───── Exercise input ─────

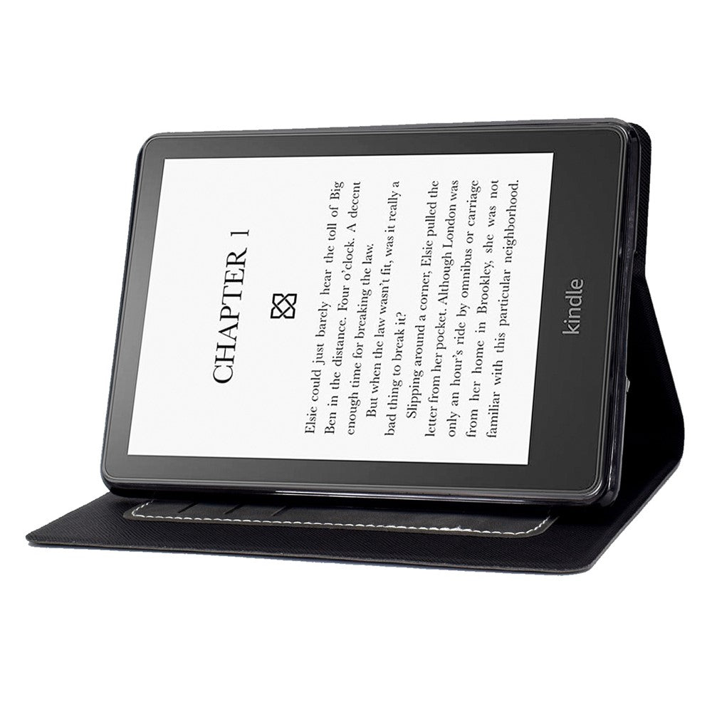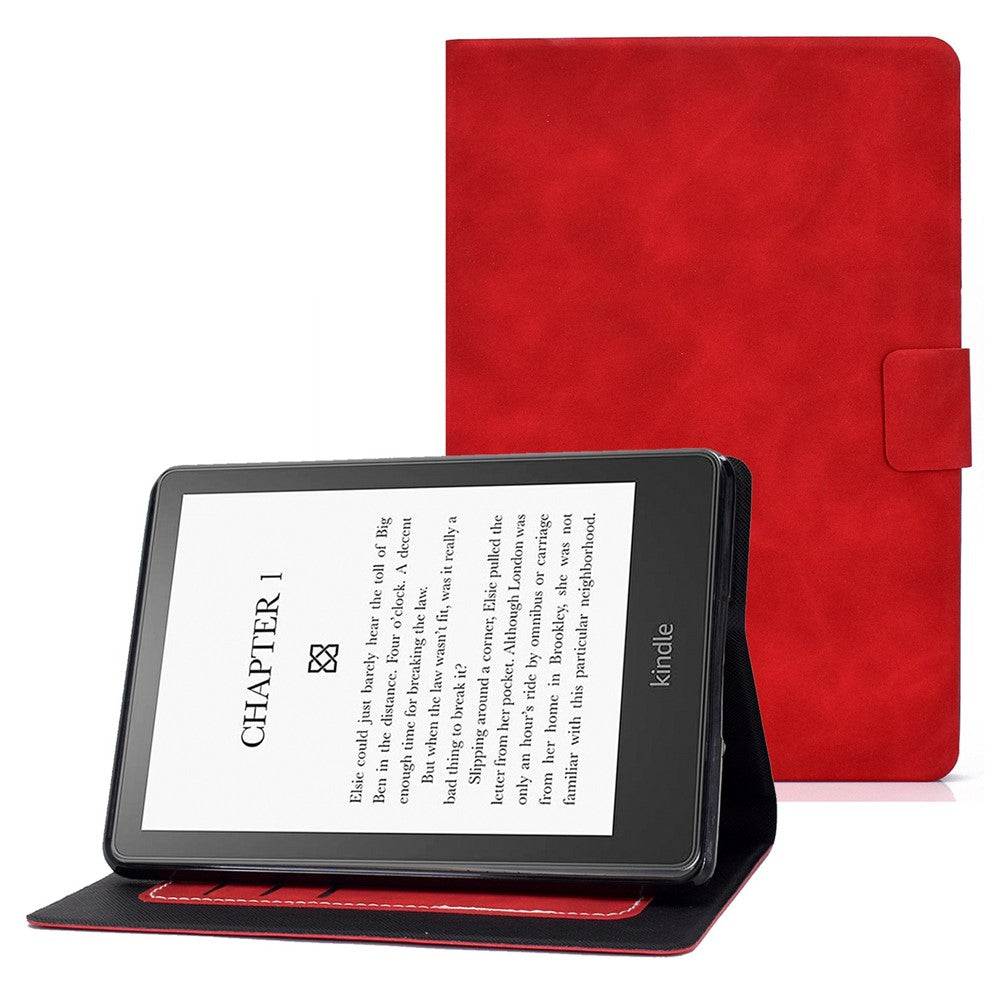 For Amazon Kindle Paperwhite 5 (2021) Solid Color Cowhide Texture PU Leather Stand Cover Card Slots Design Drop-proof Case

─────
───── Exercise input ─────

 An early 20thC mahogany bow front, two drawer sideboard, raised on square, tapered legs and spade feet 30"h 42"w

─────
───── Exercise input ─────

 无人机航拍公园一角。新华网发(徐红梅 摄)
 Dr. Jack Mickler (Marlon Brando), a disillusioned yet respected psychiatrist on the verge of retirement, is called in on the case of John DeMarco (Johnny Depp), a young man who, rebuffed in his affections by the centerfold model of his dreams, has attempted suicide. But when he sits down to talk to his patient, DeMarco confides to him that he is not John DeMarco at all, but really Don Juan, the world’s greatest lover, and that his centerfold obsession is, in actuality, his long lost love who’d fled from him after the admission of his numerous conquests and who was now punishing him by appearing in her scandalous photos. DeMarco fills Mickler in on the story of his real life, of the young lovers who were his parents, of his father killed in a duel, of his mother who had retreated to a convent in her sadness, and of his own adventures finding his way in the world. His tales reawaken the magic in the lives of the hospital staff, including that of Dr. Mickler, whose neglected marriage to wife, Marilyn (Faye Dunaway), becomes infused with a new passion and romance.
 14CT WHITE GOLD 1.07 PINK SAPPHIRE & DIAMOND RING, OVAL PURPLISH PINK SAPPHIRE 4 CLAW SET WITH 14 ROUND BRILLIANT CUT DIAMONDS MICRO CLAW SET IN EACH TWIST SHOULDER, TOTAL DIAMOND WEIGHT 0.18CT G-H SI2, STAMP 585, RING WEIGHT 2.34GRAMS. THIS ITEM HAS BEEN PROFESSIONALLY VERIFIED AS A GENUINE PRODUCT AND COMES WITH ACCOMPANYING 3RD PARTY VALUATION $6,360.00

─────

**Problem requirements:** Within the listing above, give again exactly every line from the line with "无人机航拍公园一角。新华网发(徐红梅 摄)" through the line with "14CT WHITE GOLD", both included, and no other line.

**Answer below:**
 无人机航拍公园一角。新华网发(徐红梅 摄)
 Dr. Jack Mickler (Marlon Brando), a disillusioned yet respected psychiatrist on the verge of retirement, is called in on the case of John DeMarco (Johnny Depp), a young man who, rebuffed in his affections by the centerfold model of his dreams, has attempted suicide. But when he sits down to talk to his patient, DeMarco confides to him that he is not John DeMarco at all, but really Don Juan, the world’s greatest lover, and that his centerfold obsession is, in actuality, his long lost love who’d fled from him after the admission of his numerous conquests and who was now punishing him by appearing in her scandalous photos. DeMarco fills Mickler in on the story of his real life, of the young lovers who were his parents, of his father killed in a duel, of his mother who had retreated to a convent in her sadness, and of his own adventures finding his way in the world. His tales reawaken the magic in the lives of the hospital staff, including that of Dr. Mickler, whose neglected marriage to wife, Marilyn (Faye Dunaway), becomes infused with a new passion and romance.
 14CT WHITE GOLD 1.07 PINK SAPPHIRE & DIAMOND RING, OVAL PURPLISH PINK SAPPHIRE 4 CLAW SET WITH 14 ROUND BRILLIANT CUT DIAMONDS MICRO CLAW SET IN EACH TWIST SHOULDER, TOTAL DIAMOND WEIGHT 0.18CT G-H SI2, STAMP 585, RING WEIGHT 2.34GRAMS. THIS ITEM HAS BEEN PROFESSIONALLY VERIFIED AS A GENUINE PRODUCT AND COMES WITH ACCOMPANYING 3RD PARTY VALUATION $6,360.00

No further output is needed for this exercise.